The Turks ruined a large part of Europe but their genetic footprint in Turkey is only about 8%.


Where are you getting these numbers from ?

Without digging up old cemetaries (if they’d still exist) and sequencing DNA, there’s a lot of assumotions and conjecture


Yea, and like you just proved, it was very difficult. Hence the choice to do it in large groups.

If I sort out 20 Spaniards from different provinces and regions, you wouldn't guess if they were Spaniards, French, South Germans, North/South Italians or even Irish.

Yeah, and some also look Moorish, middle eastern, Sephardic, etc. too. Not a big surprise when you learn about the migrations that happened in Spain during the past 2000 years or so. We are a mixed bunch.

Yeah, South Italians/moorish, close enough.

Tell it the Vandals, the Goths, the Huns, the Angles (I.e English), the Normans, the Danes, the Mongols, the Turks, etc.

Not really no. Any student of linguistics is quickly dispelled of this notion

Yeah, I do not know why this is downvoted. This is exactly true about Europe.

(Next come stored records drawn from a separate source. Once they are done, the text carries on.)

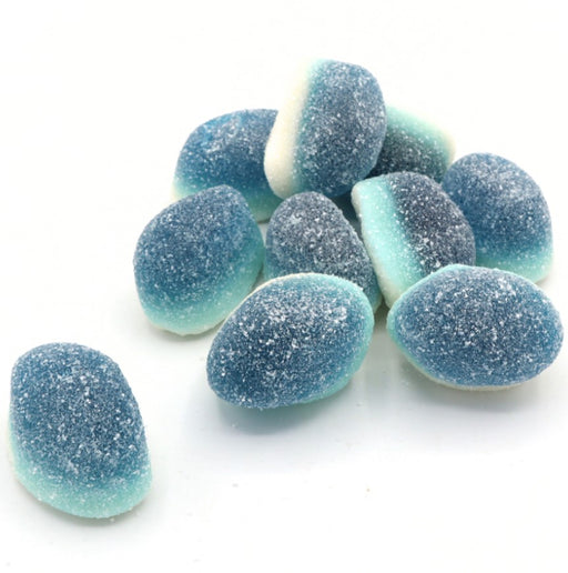 Fizzy Blue Raspberry Bites, sweet and sour taste with a raspberry flavoured outer, delicious cream centre, coated in sour sugar., Ingredients; Suga...
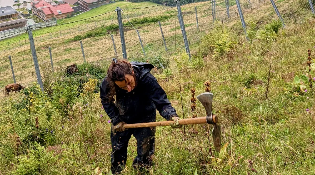 Pflanzung auf der Kuhweide, zwischen Schneenetzrechen. Direkt unter den Freiwilligen liegt der Ort, der es im Januar 2019 in die Nachrichten brachte. Um fünf in der Früh krachte damals eine Lawine in ein Viersternehotel und verwüstete es. Danach war das Wort Schutzwald populär. Viel Geld für viel technische Verbauungen wurde seither in den Hang über Balderschwang gesteckt, um vor Lawinen zu schützen.
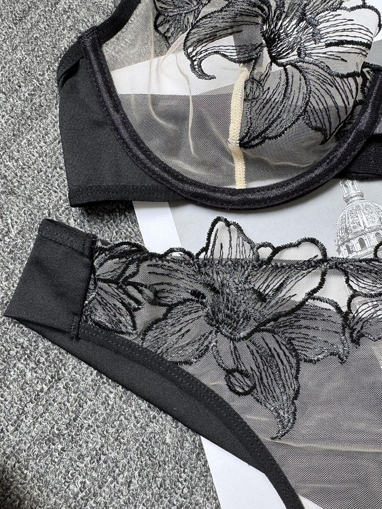 Sexy Floral Embroidered See-Through Lingerie Set for Women
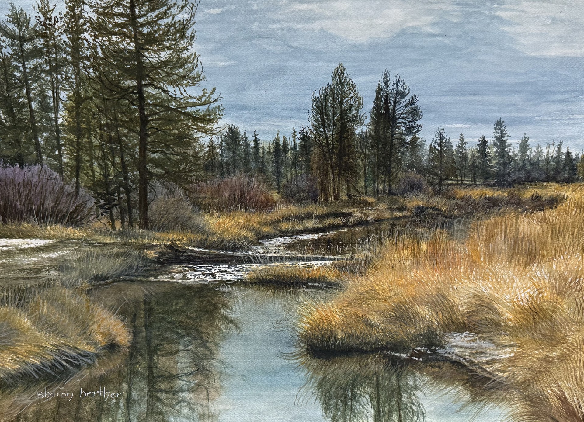 Featured for the month of March are the Idaho-inspired landscape paintings by gallery member and local artist Sharon Herther. Raised on a dairy farm in Meridian, Idaho, Sharon worked outdoors and developed a deep love of the Idaho outdoors. Her past experience includes creating interpretive signs for the State of Idaho, illustrated Discovery Maps for McCall and Twin Falls and landscapes painted on heart sculptures for the Payette Land Trust. Her paintings are known for their exquisite beauty and detail.
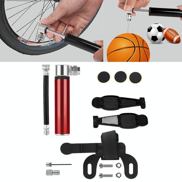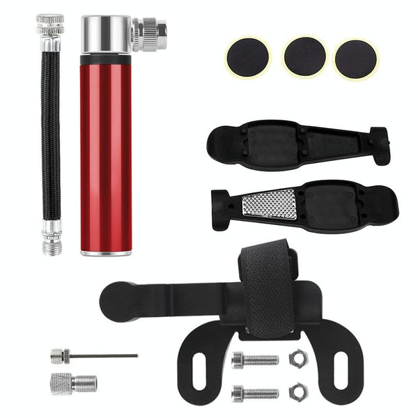 Manual Mini Portable Bicycle Aluminum Alloy Pump + Plastic glue-free tire patch + Tire lever (Red)
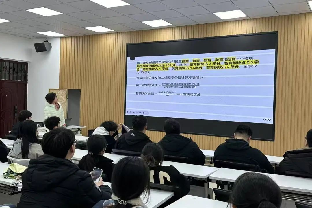 班长与团支书作为主讲,依据学生会学业发展部精心筹备的综评讲解材料,深入浅出地向同学们阐释综评计算方法、学分认定准则。他们结合过往班级综评计算的实例,指出了材料审核不细致、计算失误等常见问题。针对这些,给出规范材料格式、双人复核等解决措施。同学们全程专注,积极回应,还主动分享看法,承诺会全力协助班委,严谨细致地完成综评计算任务。
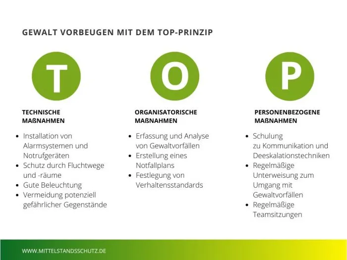 Bei der Implementierung von Schutzmaßnahmen gegen Gewalt kannst du dich am sogenannten TOP-Prinzip (technisch-organisatorisch-personenbezogen) orientieren. Technische Schutzmaßnahmen sind vor den organisatorischen Schutzmaßnahmen und diese wiederum vor den personenbezogenen Schutzmaßnahmen durchzuführen.
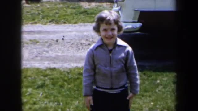 > 1959: a young short haired girl is running towards the camera in her yard NEW YORK
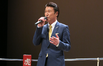 【写真】プロボクシングの試合で熱唱する山崎ていじさん@2014年
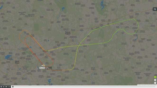Однако только что «севший» самолет тут же, как показал «Радарбокс», отправился дальше. На этот раз в западном направлении. Прошел над Смолевичами — и снова вернулся к аэропорту.
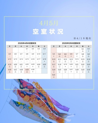 GWの人気日程は、残りわずかとなっております。ご家族旅行にも、大切な人とのご旅行にも。静かな温泉旅をお考えの方は、ぜひお早めに。
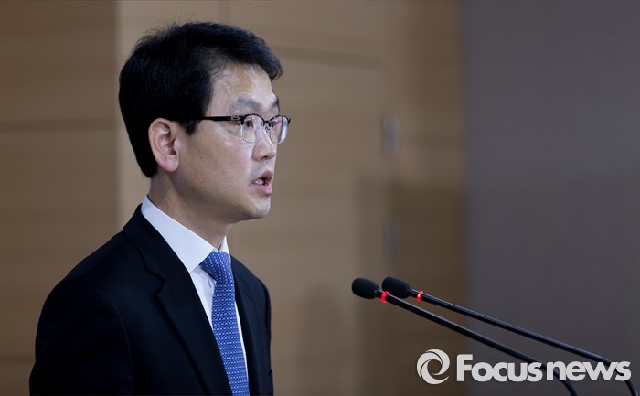 (서울=포커스뉴스) 18일 오전 서울 종로구 정부서울청사 브리핑룸에서 이승복 교육부 대변인이 일본 고등학교 사회 교과서 검정결과에 대한 규탄 성명을 발표하고 있다.
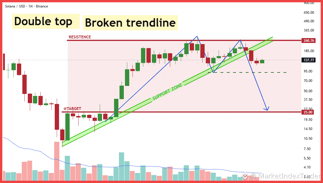 El gráfico mensual $SOL confirma un patrón de doble techo destructivo y una caída decisiva en el apoyo del tendencia alcista principal, con el objetivo de la zona inferior a 20 dólares. Riesgos enormes en el horizonte.
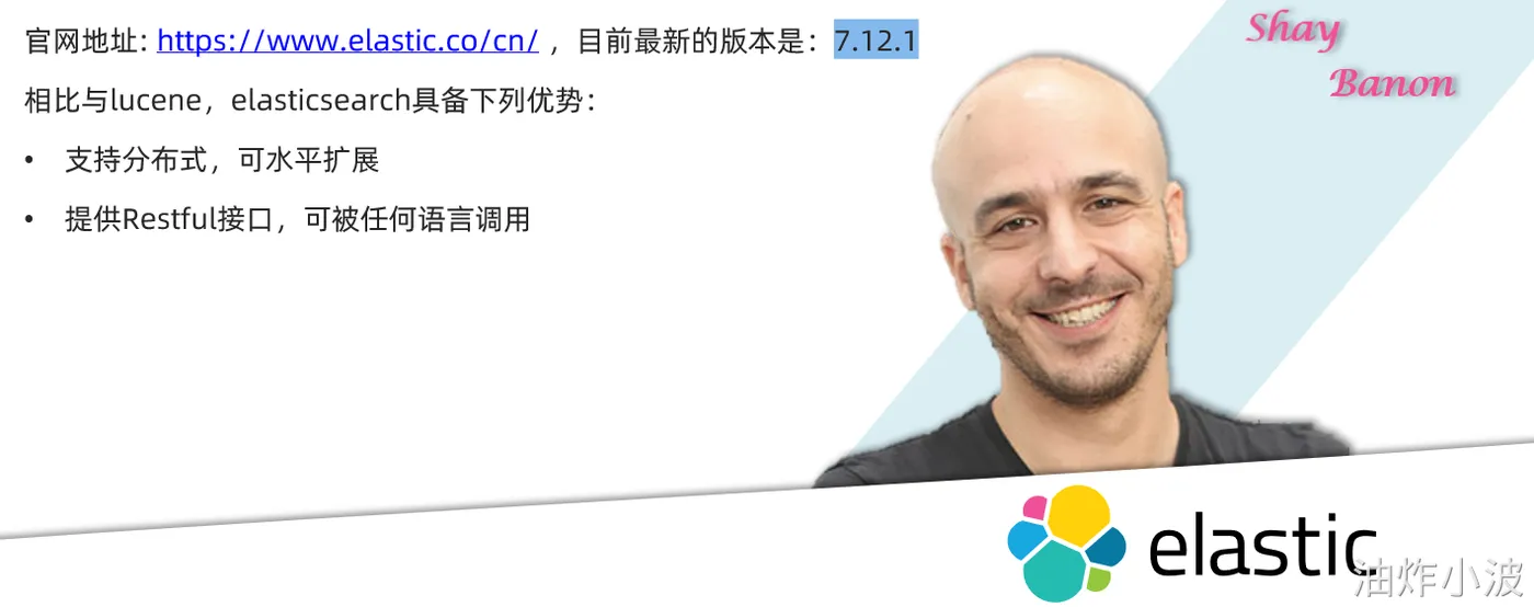 - 2010年Shay Banon 重写了Compass,取名为Elasticsearch。
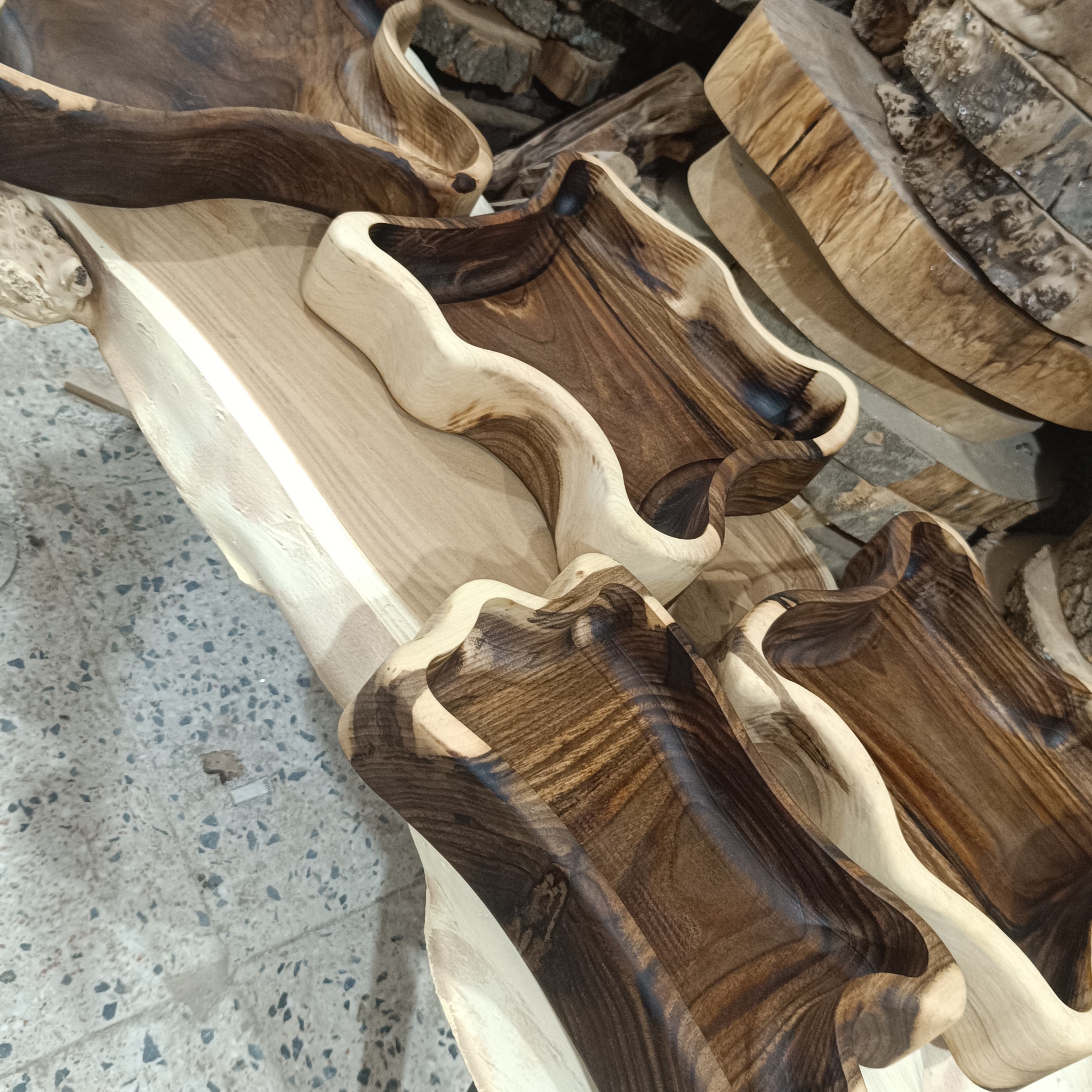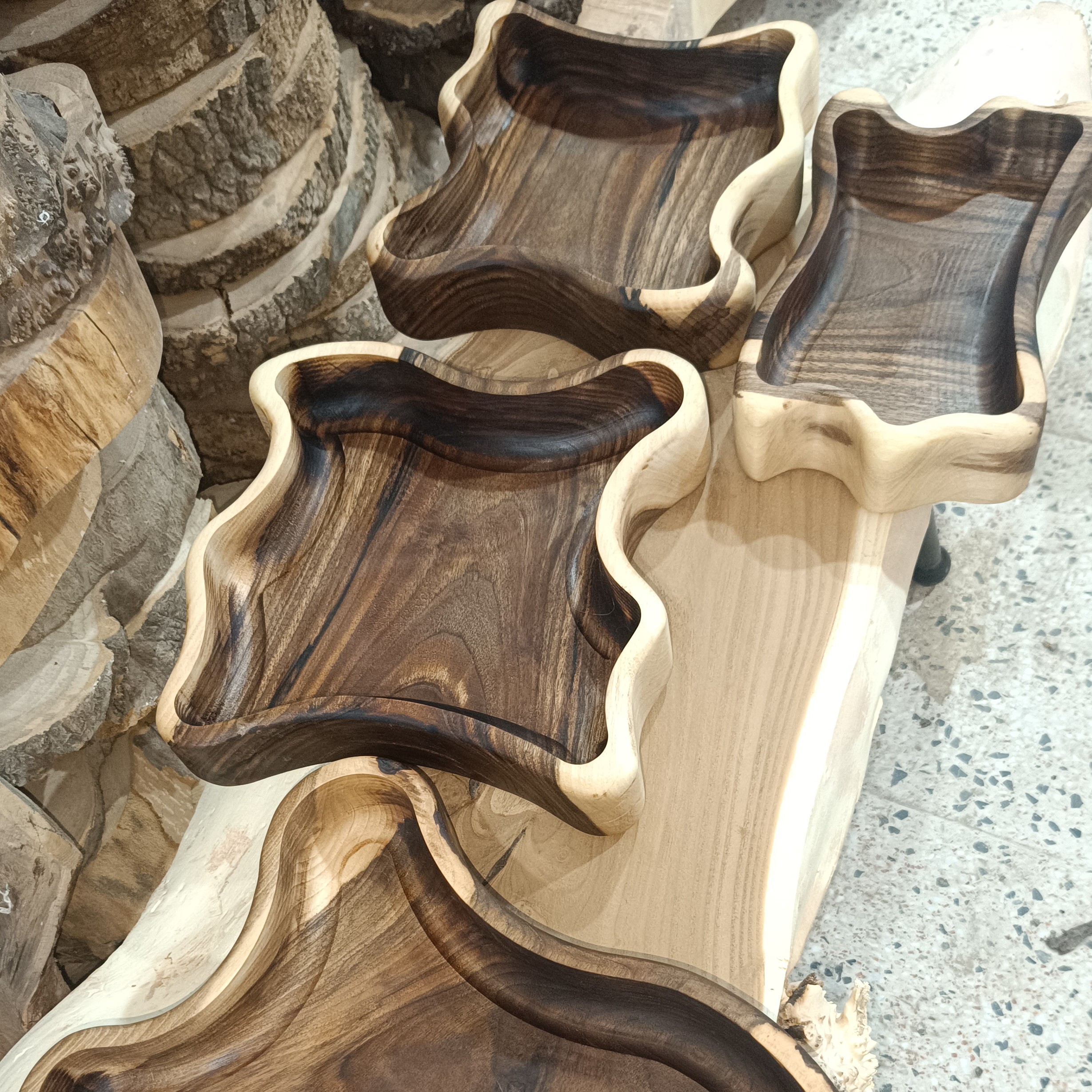 ست سرویس پذیرایی چوبی چوب گردو پوشش روغن آب گریز یکعدد آجیل خوری یک عدد شیرینی خوری یک عدد میوه خوری و شکلات خوری
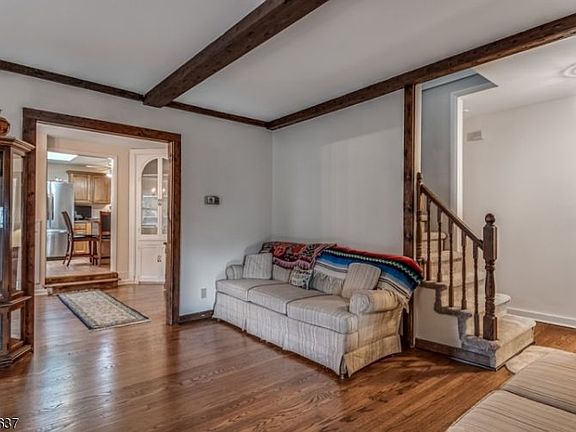 5 bedroom, 2 bathroom custom home w Generac generator. Kitchen w oak cabinets, center island breakfast bar, pantry, SS appliances and recessed lighting. DR w built-in cabinets. LR w beautiful stone surround gas log fireplace. Gleaming hard wood floors. Freshly painted. New carpets in BR 3 and hall. New vanities and light fixtures in baths. Enclosed front porch area leads out to deck. Large patio off of kitchen w walkway to open backyard area. First floor MBR w sitting room and HWF. Basement w finished workout room. Security system with cameras. Optional lake privileges with year-round activities. Close to public transportation, shopping and restaurants in downtown Denville. PWPS, natural gas, and ductless mini split cooling. Addt lot 627 .066 acre included in sale.. this is not a shared driveway.
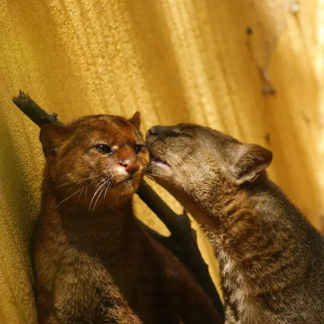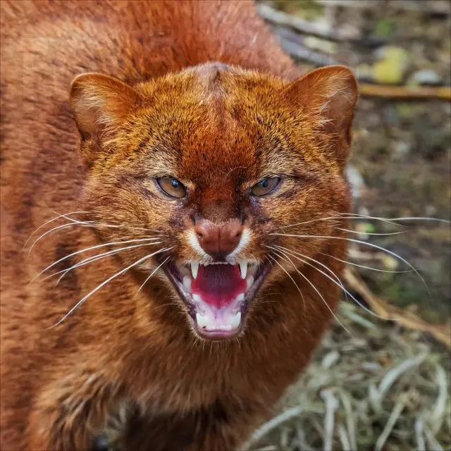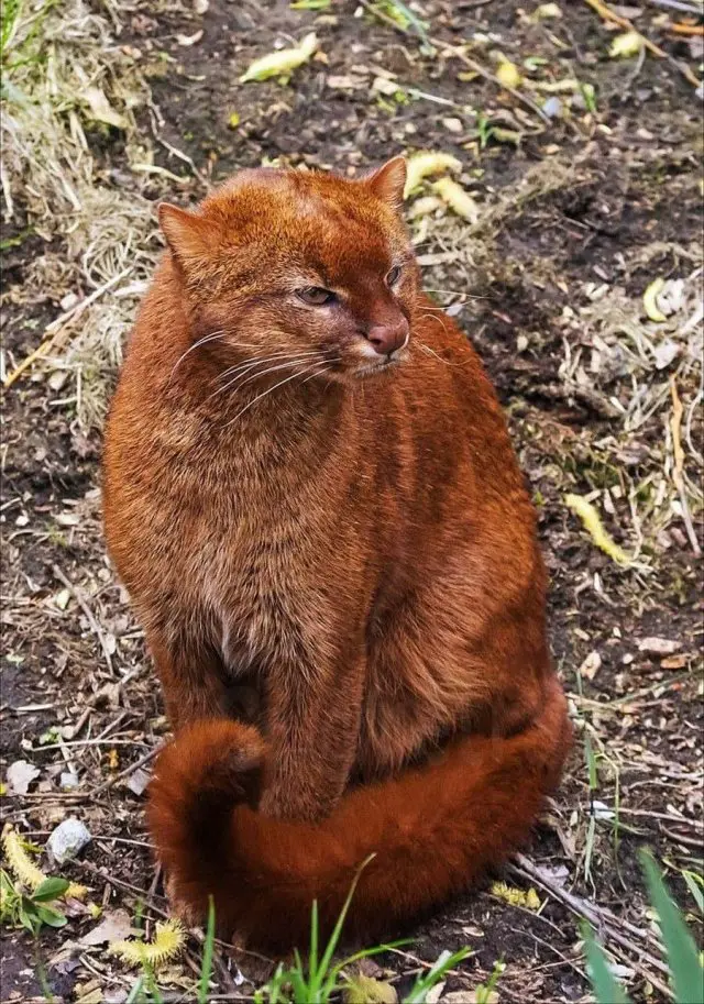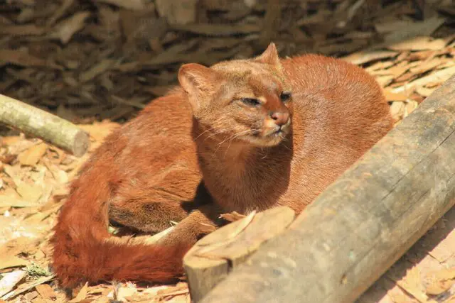 Так выглядят Ягуарунди, живущие в Центральной Америке. Это очень скрытные хищники с хорошо развитыми зрением, слухом и обонянием. Они ведут наземный образ жизни, но также хорошо лазают и плавают. У этих кошек более 13 разных типов голосов. Они могут щебетать, свистеть, мяукать, рычать и даже трещать — спектр звуков шире, чем у остальных кошачьих. Местные жители называют их «свистящими кошками». Генетически ягуарунди — «маленькая пума» размером примерно с домашнюю кошку.
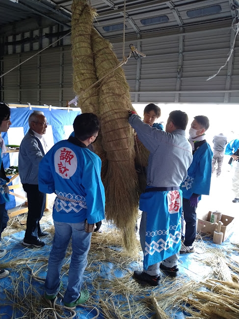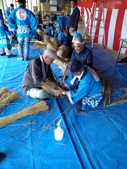 「諏訪神社網打保存会」や「奉仕団」の方々30名余が集まって、藤島建設車庫にて綱打ちを行いました。
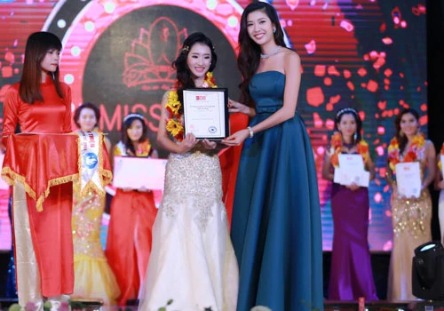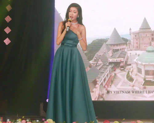 Thúy Vân trình diễn ca khúc My Vietnam mà cô tự sáng tác trong quá trình chuẩn bị cho cuộc thi “Hoa hậu Quốc tế 2015”.
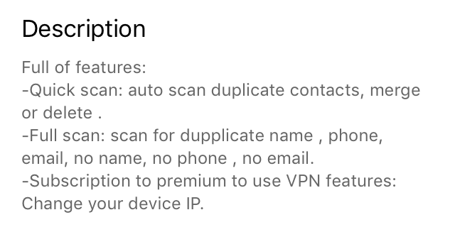 According to this, “Mobile protection :Clean & Security VPN” is “Full of features” — well, it’s certainly full of something. Apparently, “Mobile protection” includes protecting you from “dupplicate” contacts. And these “scans” are what the screenshots claim as “Quick & Full Scan Internet Security”. Five internets to anyone who can figure out the relationship between Internet Security and duplicate contacts.
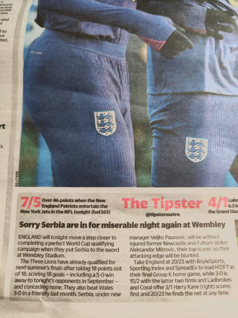 Potom je usledio šokantan poraz od Albanije u Leskovcu (1:0) i promena na mestu selektora, ali kolege iz Londona i daju nikakve šanse večerašnjem posetiocu na "Vembliju" (20.45 Arena 1 premijum).

It isn’t hard at all if you live in east or west Africa. Or if you live in Italy, or if you live in China, you can see local variations that are generalized in other places. It’s always been like, only recently have we made distinctions between Asians in say Iran and Japan (both are technically oriental by medieval European standards) .

[flagged]


"Maintain the purest racial pedigree"? What does this even mean in actual terms? And there is no desire to accept what?

I don't know what that person meant but, like many in the region, Koreans have family registries (戶籍) that record their family lineage. At least among people I've known who have spoken about theirs, Korean family registry records tend to go back much further than the median east Asian country.

The names of the systems related to this registry are slightly different in Chinese, Japanese and Korean but you can see links to Wikipedia entries for each of them from here: https://en.wikipedia.org/wiki/%E6%88%B6%E7%B1%8D


> "Maintain the purest racial pedigree"? What does this even mean in actual terms?

It’s usually, as it is in this case, genetically meaningless. Culturally, it means someone picked an arbitrary point in the past, counted up the cohort of people within some group (and a metric for testing in-ness), and then deemed descendents of only that group to be pure, descendents of that group in part to be impure, and people who have no ancestors in that group to be outsiders.

In practice, recordkeeping past a handful of generations gets annoying, so most cultures set this line somewhere within 200 years ago. (The concept correlates with nativeness to varying degrees.)